*** DATA SEGMENT ***

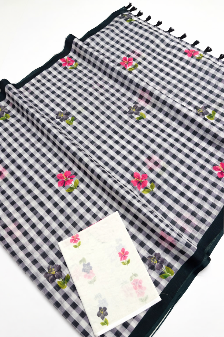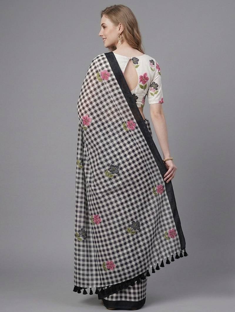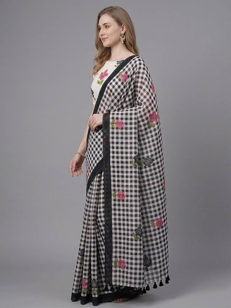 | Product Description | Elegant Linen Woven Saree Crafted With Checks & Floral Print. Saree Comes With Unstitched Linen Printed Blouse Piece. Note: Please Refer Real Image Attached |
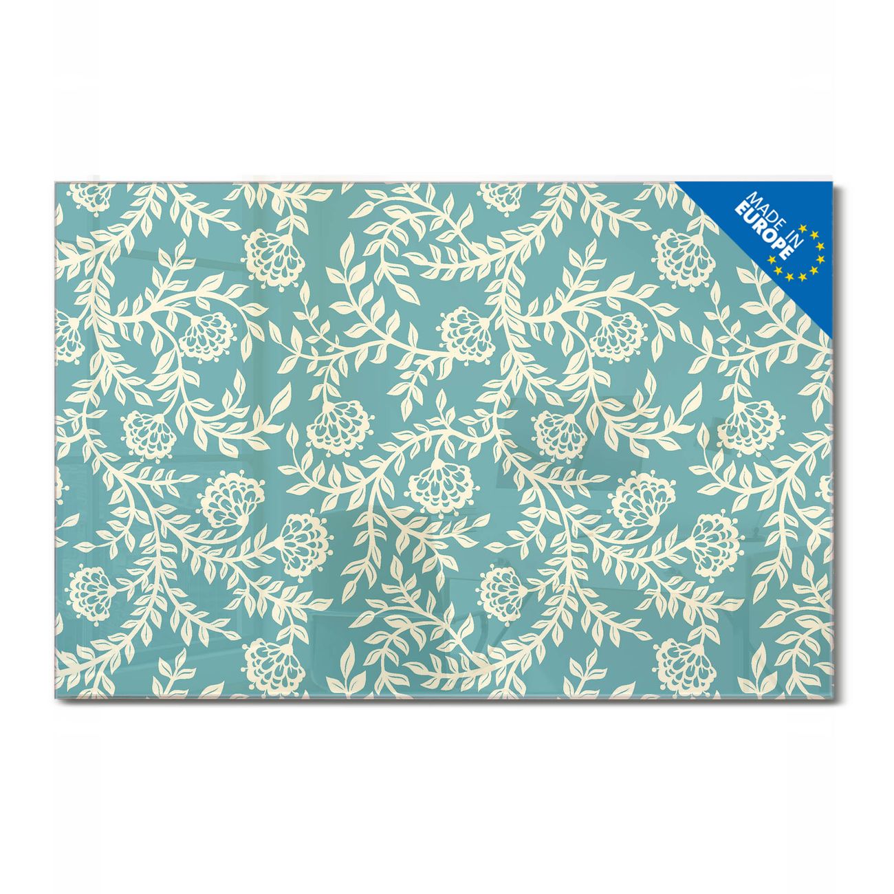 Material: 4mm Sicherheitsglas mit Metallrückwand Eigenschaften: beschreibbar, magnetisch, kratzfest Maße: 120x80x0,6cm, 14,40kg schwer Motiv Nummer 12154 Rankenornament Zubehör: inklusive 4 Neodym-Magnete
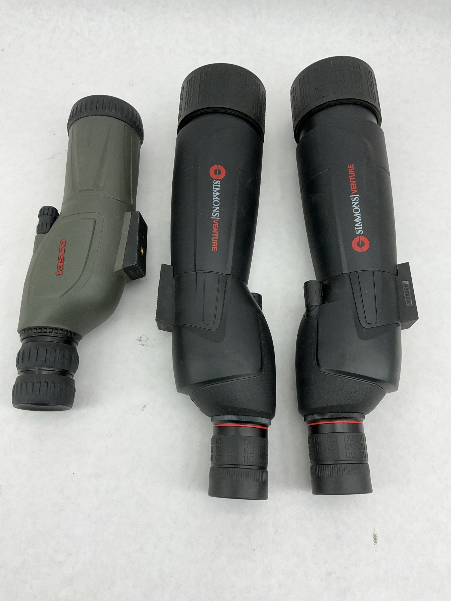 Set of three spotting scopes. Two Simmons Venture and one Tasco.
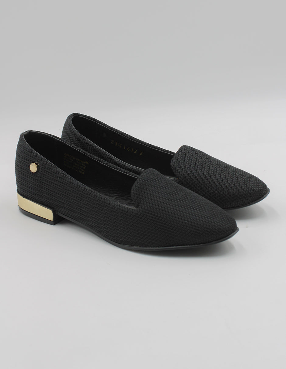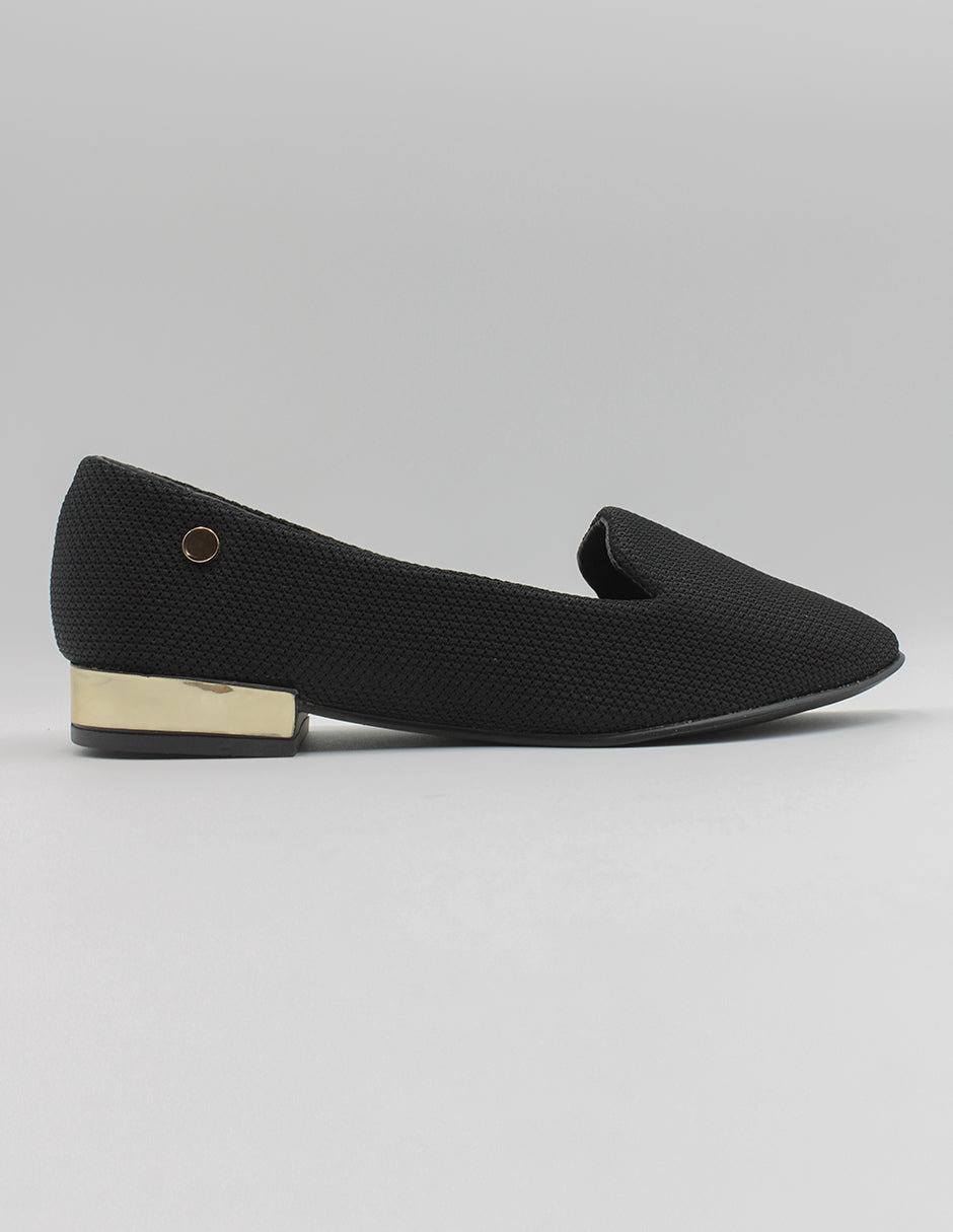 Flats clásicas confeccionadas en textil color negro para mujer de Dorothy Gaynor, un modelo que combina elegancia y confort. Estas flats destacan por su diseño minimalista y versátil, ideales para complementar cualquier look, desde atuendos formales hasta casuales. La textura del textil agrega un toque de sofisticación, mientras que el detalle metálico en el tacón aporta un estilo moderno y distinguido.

*** End of DATA SEGMENT ***

Pictures do not go in the copy. Write out exactly the lines from the line containing "Set of three" through the last line of the listing.

EXPECTED OUTPUT:
 Set of three spotting scopes. Two Simmons Venture and one Tasco.
 Flats clásicas confeccionadas en textil color negro para mujer de Dorothy Gaynor, un modelo que combina elegancia y confort. Estas flats destacan por su diseño minimalista y versátil, ideales para complementar cualquier look, desde atuendos formales hasta casuales. La textura del textil agrega un toque de sofisticación, mientras que el detalle metálico en el tacón aporta un estilo moderno y distinguido.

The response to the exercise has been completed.